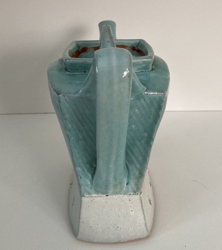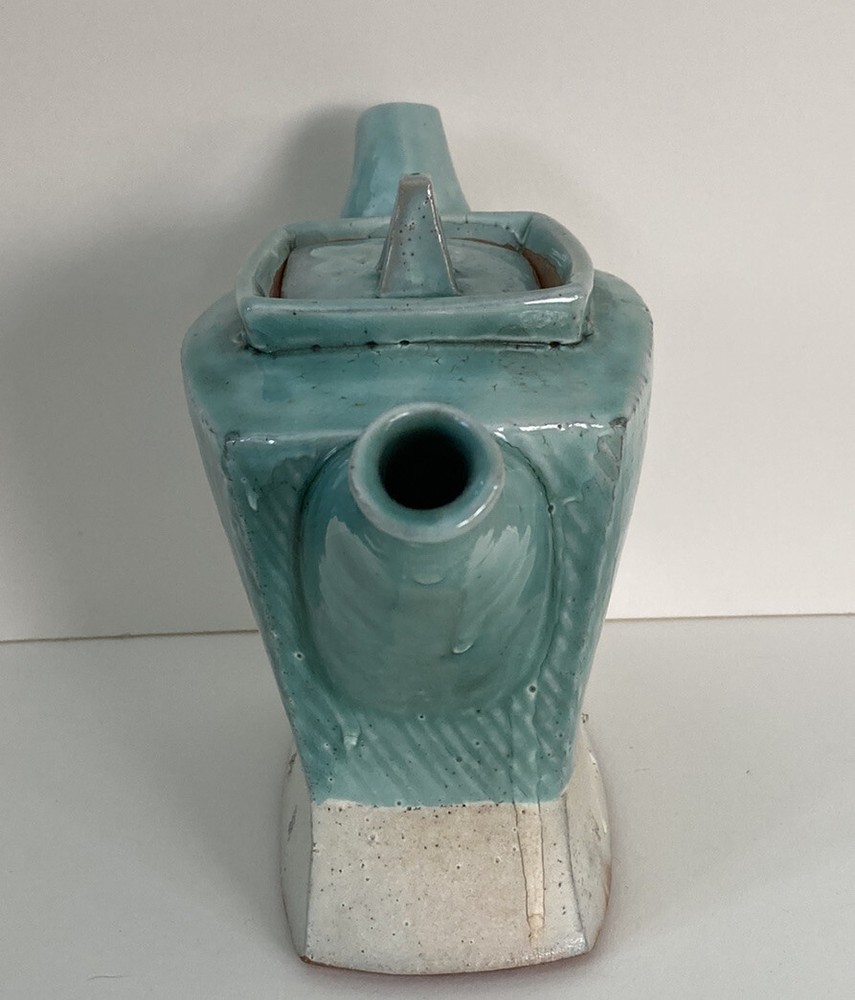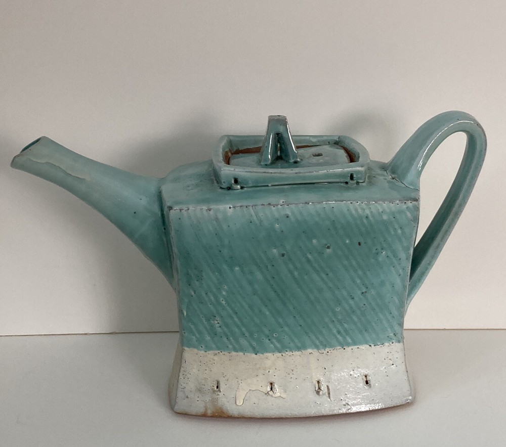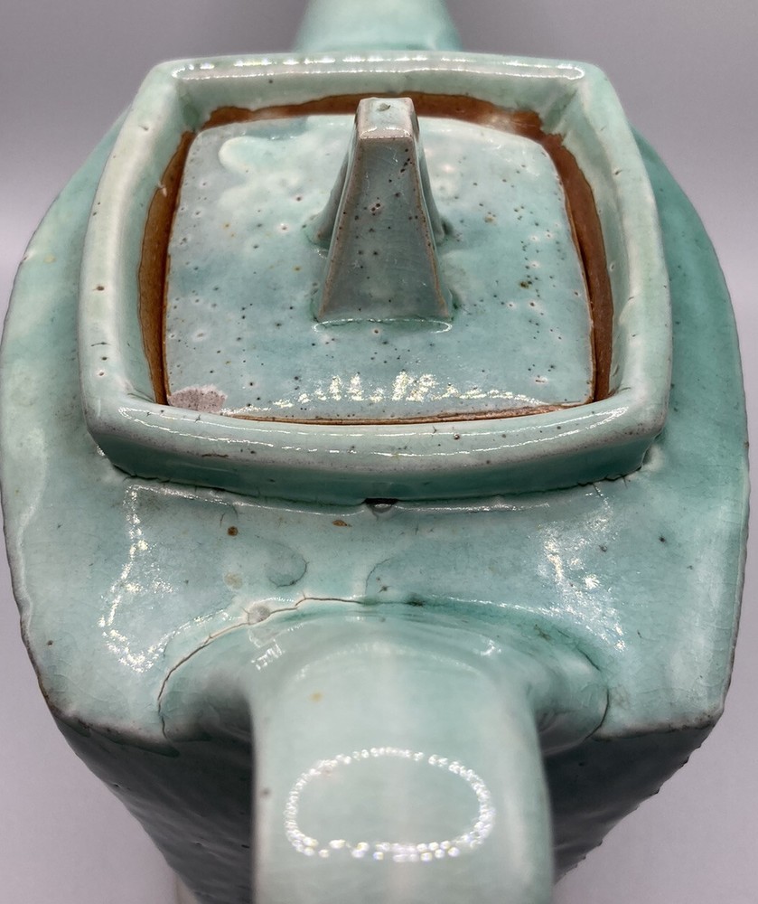 Studio Art Pottery Teapot Made By Composite Clay Studio Signed. There is a chip on top of the lid and a larger on on the underneath side of the lid. There are cracks in the glaze where one piece joins another on the teapot. Please see photos.
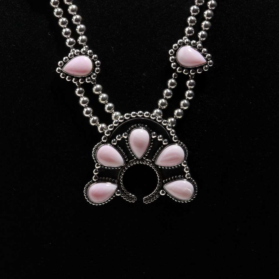 จี้เงินแท้ 925 รูปทรงลูกแพร์ประดับเปลือกหอยสีชมพูธรรมชาติ พร้อมสร้อยคอเงินแท้ประดับเปลือกหอยสีชมพู
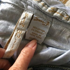Approx measurements by flat lays: waist 34", rise 8.5", inseam 33.5", outseam 42", leg opening 20"
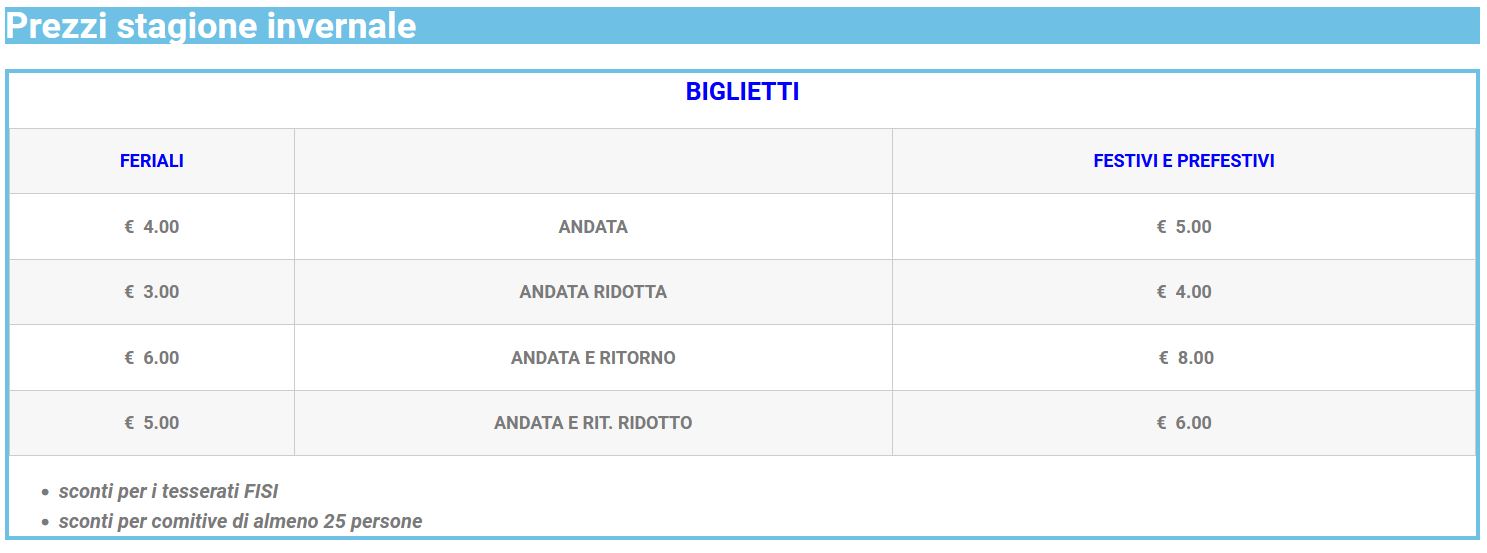 Apertura al pubblico della cabinovia alle ore 8.30, mentre l’ultima corsa in salita dal Tasso è prevista alle ore 16,10.
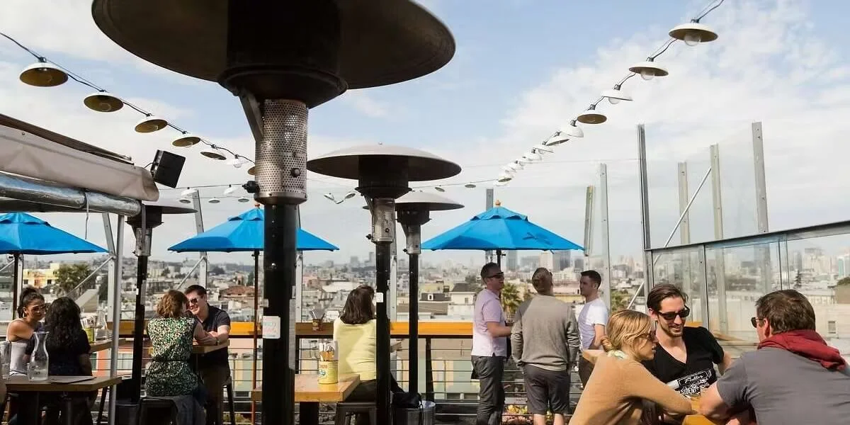 Mission rooftop bar above Lolinda with heat lamps, fire pits, and Latin American street food. Tequila and mezcal forward. Walk-in only.
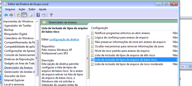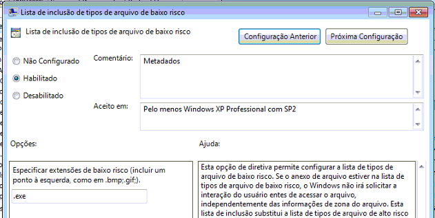 7. Clique em Lista de Inclusão de Arquivos de Baixo Risco e adicione .exe à lista.
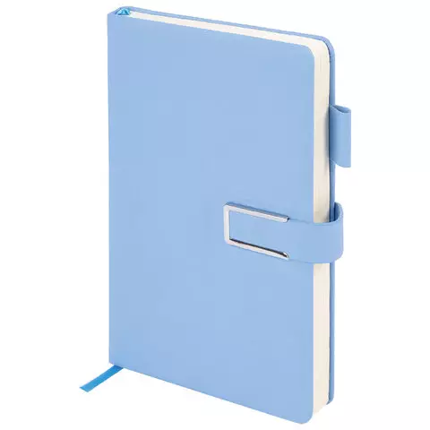 Ежедневник недатированный А5 143х210мм BRAUBERG Deluxe, под кожу, магнит 160л, голубой, 117144
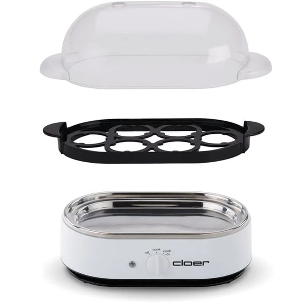 | Funktionen | Herausnehmbarer Eierträger, Akustische Fertigmeldung, Kontrollleuchte, Ein-/Ausschalter | ||
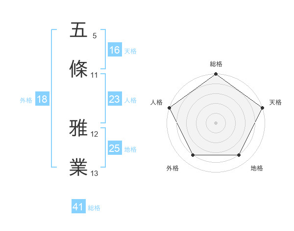 五條 雅業さんの天格は16画の5点!
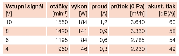 | Ø připojení [mm] | otáčky [min-1] | průtok (0 Pa) [m3/h] | výkon [W] | napětí [V] | proud [A] | akust. tlak [dB(A)] | hmotnost [kg] | regulátor |
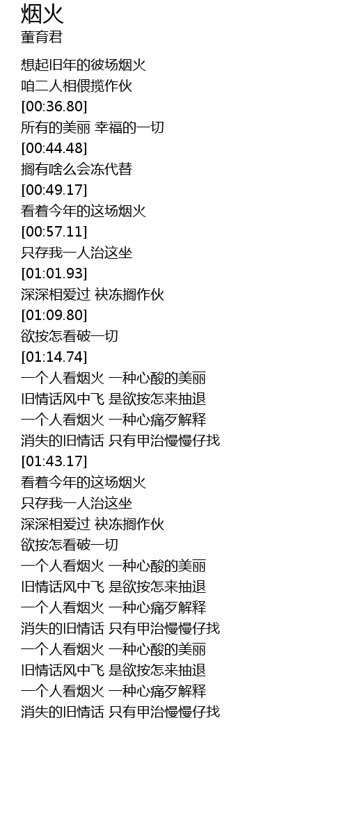 | [03:04.24] | 一个人看烟火 一种心酸的美丽 |
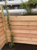 Installeer tuinpalen van minimaal 240 cm lengte elke 50 cm uit elkaar. Bij losse ondergrond gebruik je snelcement, beschikbaar bij GAMMA. Bevestig het onderste rabatdeel met de dikkere kant naar beneden tegen de palen, en gebruik twee schroeven van 50 mm per paal, 4 cm van de boven- en onderkant van de plank. Zorg ervoor dat de schroeven niet volledig tegen de randen geschroefd zijn om ruimte te laten voor het werken van het hout. Controleer met een waterpas en voeg de volgende rabatdelen toe, werk omhoog tot de gewenste hoogte is bereikt.
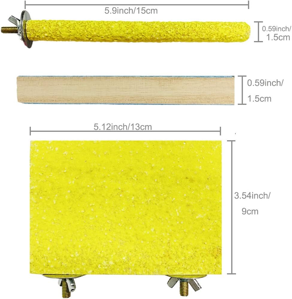 - 6 PACK BIRD PERCH STAND TOY : Perfect bird cage accessories toys to decorate your birds cage. You can get 6 parrot perch toys with one purchase.The parrot perch stand platform is 5.12*3.54*0.59 inch and two types of boards allow your pet to choose freely. The length of the paw grinding stick is 5.9 inch and the diameter is 0.59 inch

• • • • •

> _Task item_
From the records above, copy only the lines running from the line holding "Apertura al pubblico" through the line holding "7. Clique em", with no pictures.

> _Solution to the problem_
 Apertura al pubblico della cabinovia alle ore 8.30, mentre l’ultima corsa in salita dal Tasso è prevista alle ore 16,10.
 Mission rooftop bar above Lolinda with heat lamps, fire pits, and Latin American street food. Tequila and mezcal forward. Walk-in only.
 7. Clique em Lista de Inclusão de Arquivos de Baixo Risco e adicione .exe à lista.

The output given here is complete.